Central Advisory Commission of the Chinese Communist Party

Information
- Chairman: Deng Xiaoping Chen Yun
- Elected by: Central Committee of the Chinese Communist Party
- Seats: Between 172 and 200

Meeting place
- Huairen Hall, Zhongnanhai Beijing (Standing Committee)

= Central Advisory Commission =

Former Chinese government body

The Central Advisory Commission (CAC) was a body of the Chinese Communist Party (CCP) that existed from September 1982 to October 1992, during the era of the paramount leadership of Deng Xiaoping. The body was supposed to provide "political assistance and consultation" to the CCP Central Committee; however, it was often seen as having more authority unofficially than that body.

== History ==

Since the People's Republic of China had failed to establish a retirement system for cadres and leaders, by the late Cultural Revolution, the age of leading cadres had generally increased, and the training and selection of successors was very weak, which made it difficult for the succession of party and state leaders to take over their positions.

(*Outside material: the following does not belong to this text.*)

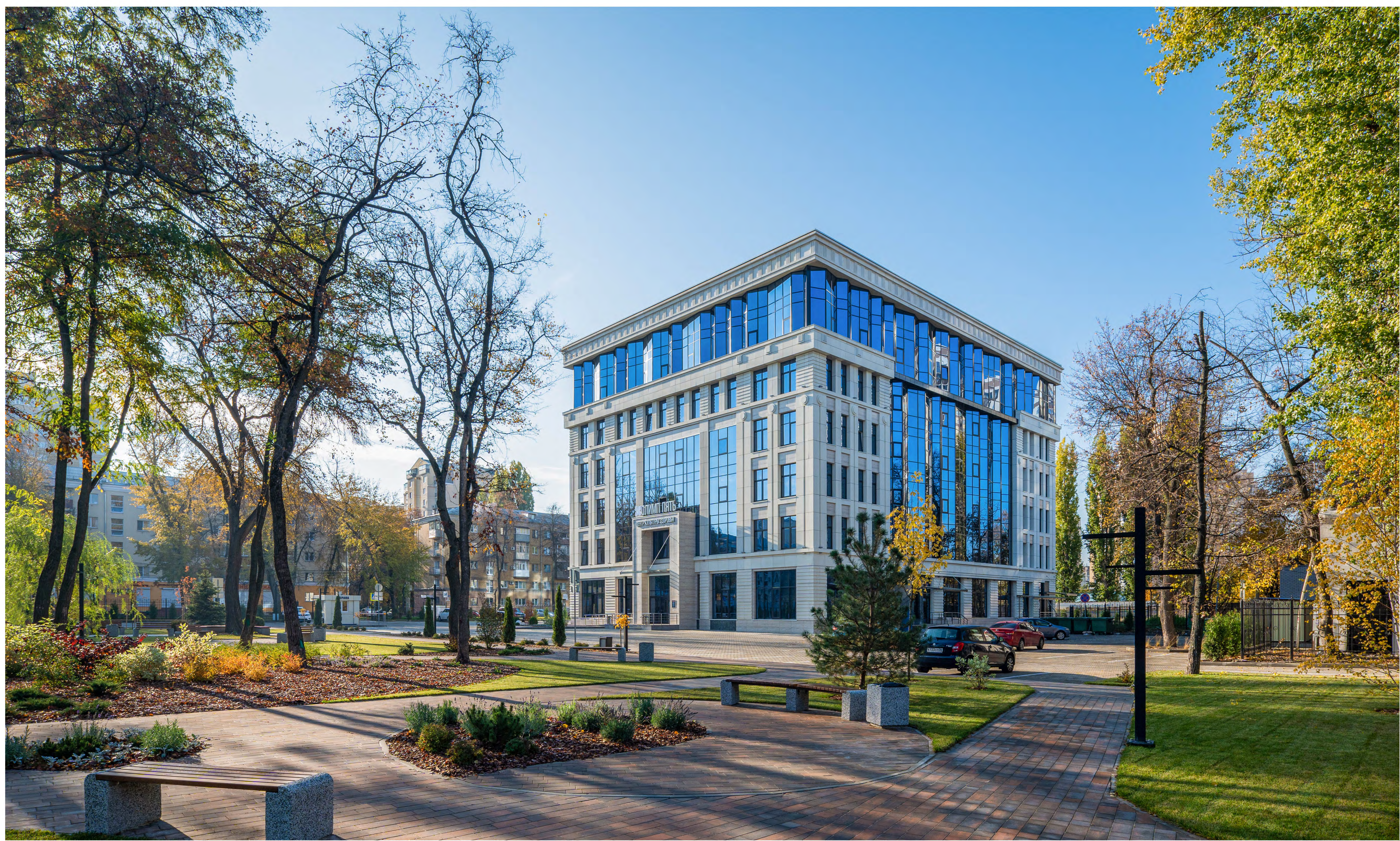
ОБЪЕКТ ЗДРАВООХРАНЕНИЯ (РЕАБИЛИТАЦИОННЫЙ ЦЕНТР), РАСПОЛОЖЕННЫЙ ПО АДРЕСУ: Г. ВОРОНЕЖ, УЛ. МОИСЕЕВА, 2/2
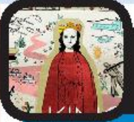
جنگ غذاروی صحنه «کینگ جان»

مهر: «برچار دشتگردل مرده‌است، برادر او جان پادشاه انگلستان است. تهدید و محسبه در برابر اروپا حتی از سوی اشراف انگلستان و نزدیک‌ترین اعضای خانواده‌اش دیده می‌شود. کینگ جان راهی برای بالانگه داشتن تاج پادشاهی خود ندارد.» روایت بالابخشی از موضوع نمایش «کینگ جان» اثر ویلیام شکسپیر است که کمپانی رویال شکسپیر انگلستان قصد دارد در جدیدترین تولید خود، این نمایش را با کارگردانی الینور رود روی صحنه ببرد. نکته جالب توجه این است که کمپانی به مخاطبان خود درباره خرید صندلی‌های ردیف‌های جلوی سالن میرزاان اجرای «کینگ جان» هشدار داده است. هشدار داده‌شده به مخاطبان از این قرار است: «لطفاً نگاه نکنند که اجرای این نمایش شامل جنگ غذا روی صحنه است و اگر شما در صندلی ردیف‌های جلوی سالن نشست باشید، راه فراری از این اتفاق نخواهد داشت.» نمایشنامه «کینگ جان» اثر شکسپیر موضوع مسیحه‌های سبیلی در دوران پادشاهی جان در انگلستان است؛ دوره‌ای که انگلستان بخش اعظمی از فرانسه را در تصرف خود داشت.

During the 10th Party National Congress in 1973, Chairman Mao Zedong considered establishing a "Central Advisory Committee" composed mainly of veteran cadres, but it was not realized. Afterwards, Premier Zhou Enlai explained this at a meeting: "In the past, there was no such system in our party. When Chairman Mao said he wanted to be the chairman of the ‘Advisory Committee,’ we all disagreed. Chairman Mao was not joking at the time; he really wanted to do it. He said: But I still have to manage it, not only ‘advise’ but also ‘ask.’ Because everyone opposed it, Chairman Mao said: Since you all disagree, I have no choice but to remain the chairman and do my best."

On 14 July 1975, Deng Xiaoping spoke at an enlarged meeting of the Central Military Commission about the issue of setting up advisory groups in the army: "Setting up advisory groups is a new thing and a good way to put forward under the current situation of our army. The first question is who will be the advisor and the second question is what to do after becoming an advisor?" "The head of the advisory group will not participate in the Party Committee, but can attend the Party Committee meetings to communicate with the advisory group. Other benefits will remain unchanged, but the allocation of cars and secretaries will be changed." "Advisors also have rights, namely the right to make suggestions. Advisors should be able to do things well and be detached; otherwise, they will interfere in everything, and the Party Committee at the same level will not be able to handle it. What problems will arise after setting up advisory groups? We will summarize the experience after a year or so." At that time, the advisory system proposed by Deng was not fully implemented, and no one was willing to be an advisor. In 1976, Deng was removed from leadership, and the matter of setting up advisory groups was shelved.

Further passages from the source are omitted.